Two placebo-controlled trials have investigated the effect of fish oil supplementation on epidermal wound healing in humans (66, 67). In the first trial, 30 healthy volunteers (18-45 years old) ingested placebo or fish oil (1.6 g EPA, 1.1 g DHA) daily for 28 days (66). In the second trial, 18 healthy volunteers (18-45 years old) ingested placebo or fish oil (1.6 g EPA, 1.2 g DHA) daily for 28 days; both treatment groups also ingested 81 mg aspirin (67). A similar study design was used in both trials in which blisters were created on subject’s forearms, and blister fluid content and wound area were monitored at baseline and up to approximately 15 days post-wounding. In both trials, supplementation with fish oil shifted the fatty acid and eicosanoid content at the site of wounding to an n-3 profile and improved the healing process.
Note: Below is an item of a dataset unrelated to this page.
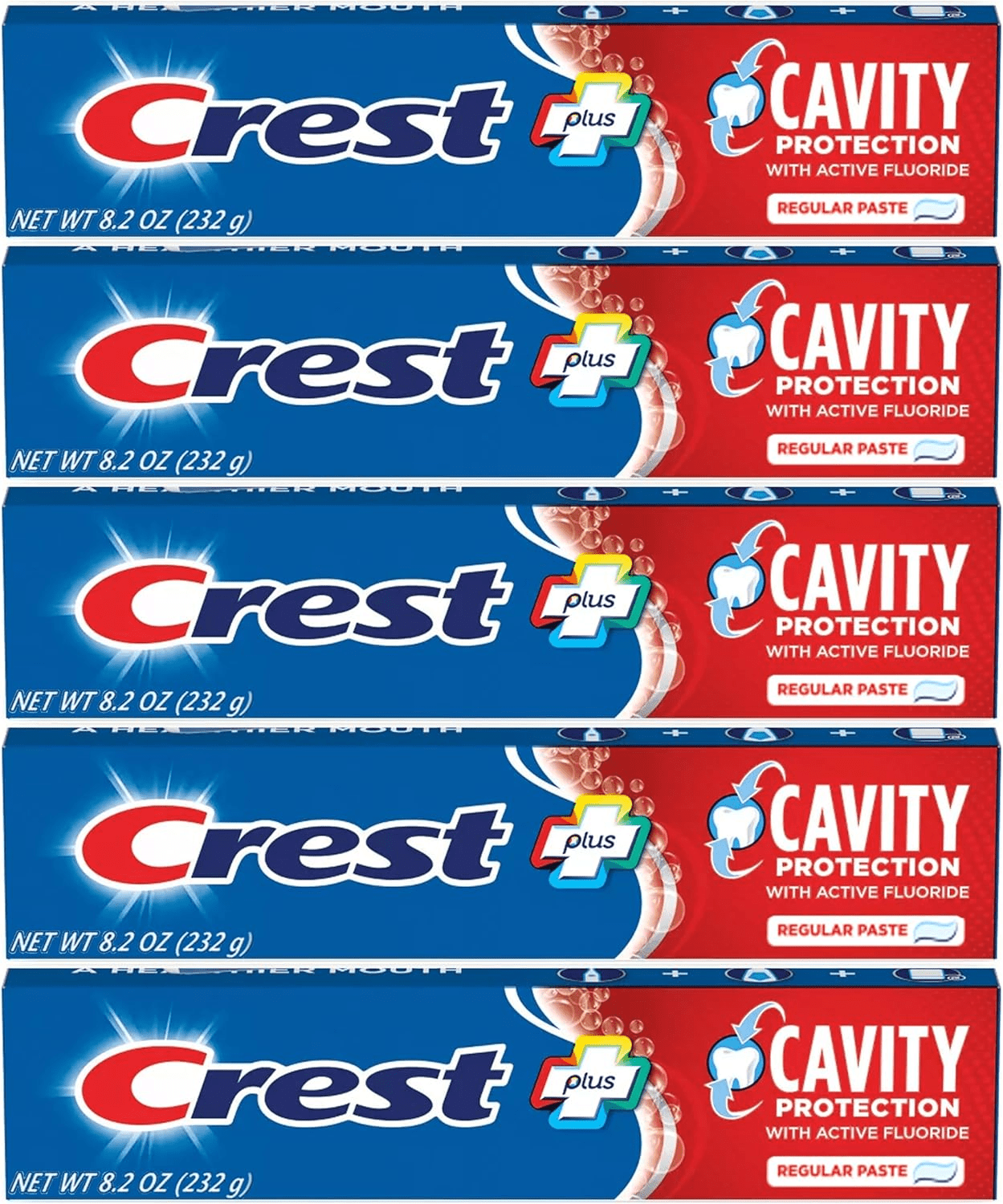 Introducing Crest Cavity Protection Toothpaste, your trusted ally in oral care. Designed meticulously to protect your teeth and exposed roots, this toothpaste provides comprehensive cavity protection for optimal dental health. With regular use, it effectively strengthens weak spots and fortifies your teeth against the formation of cavities. This makes it an essential component of your daily dental hygiene routine, ensuring a healthier, more resilient smile.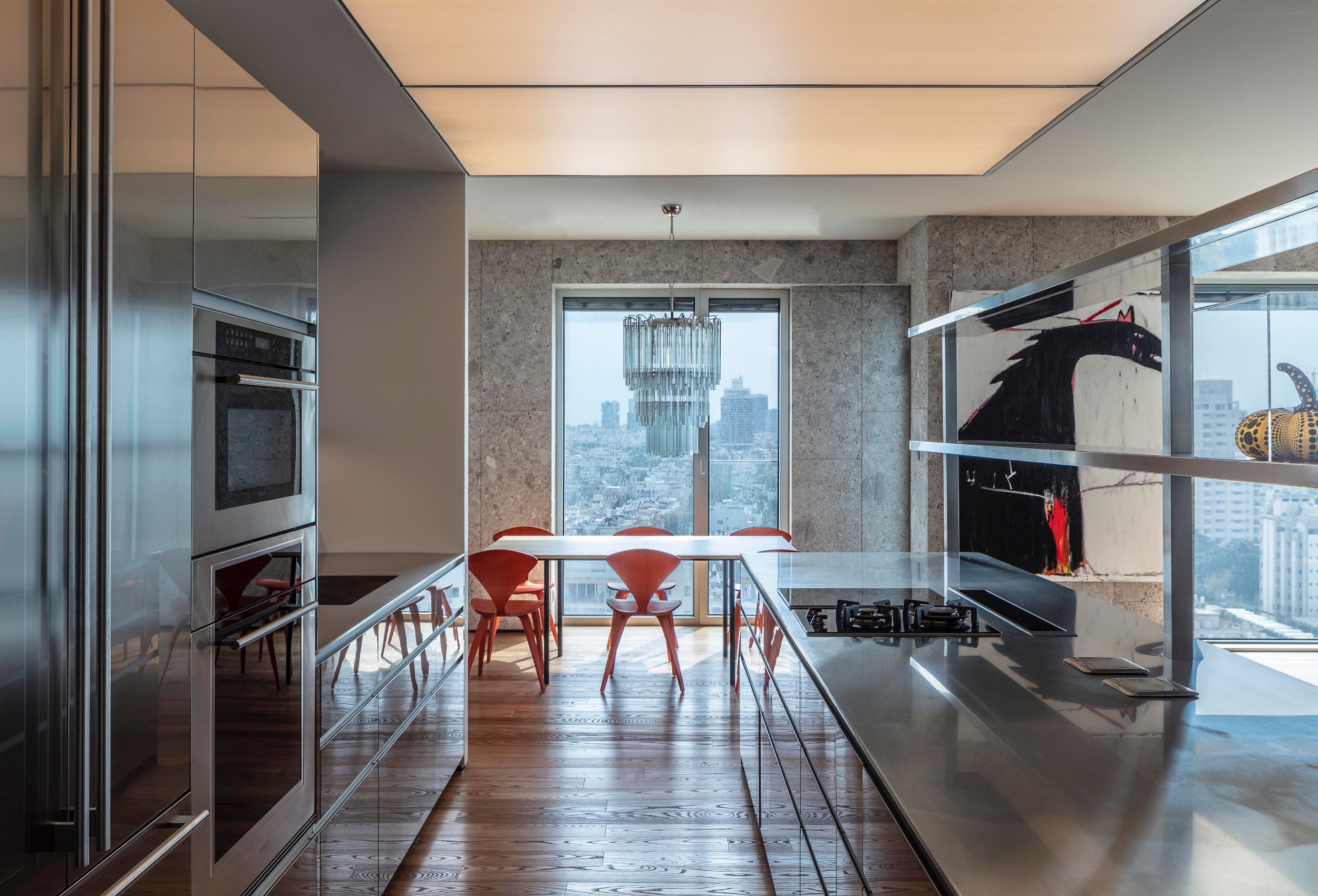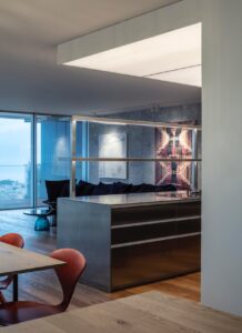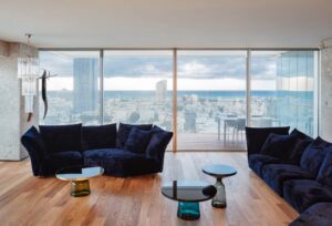 In this apartment located on the twelfth floor of a new tower in the heart of Tel Aviv, we kept the original shell unchanged. We made the space of this place from East to West is completely open, so the inhabitants can enjoy a wide view of the interior and of the surrounding city.

Animal studies investigating EFA supplementation on wound healing have reported mixed results. Cardoso et al. (68) investigated the effect of topical application of purified n-3, n-6, and n-9 fatty acids (30 micromoles/day for 20 days) on surgically induced wound closure in mice. Topical application of oleic acid accelerated while ALA delayed wound closure. In another study, feeding rats n-3-rich fish oil diets (17% menhaden oil) resulted in weakened mechanical properties at the site of wound repair compared to rats fed n-6-rich corn oil diets (69). Approaching the question from a different angle, Porras-Reyes et al. (70) induced EFA deficiency (EFAD) in rats before surgical wounding. The healing response was then compared between normal, EFAD, and recovered EFAD rats for up to 21 days post-wounding. Replete and EFAD rats exhibited the same course of histological and immunological changes in response to wounding, suggesting that EFA status does not influence the wound-healing process.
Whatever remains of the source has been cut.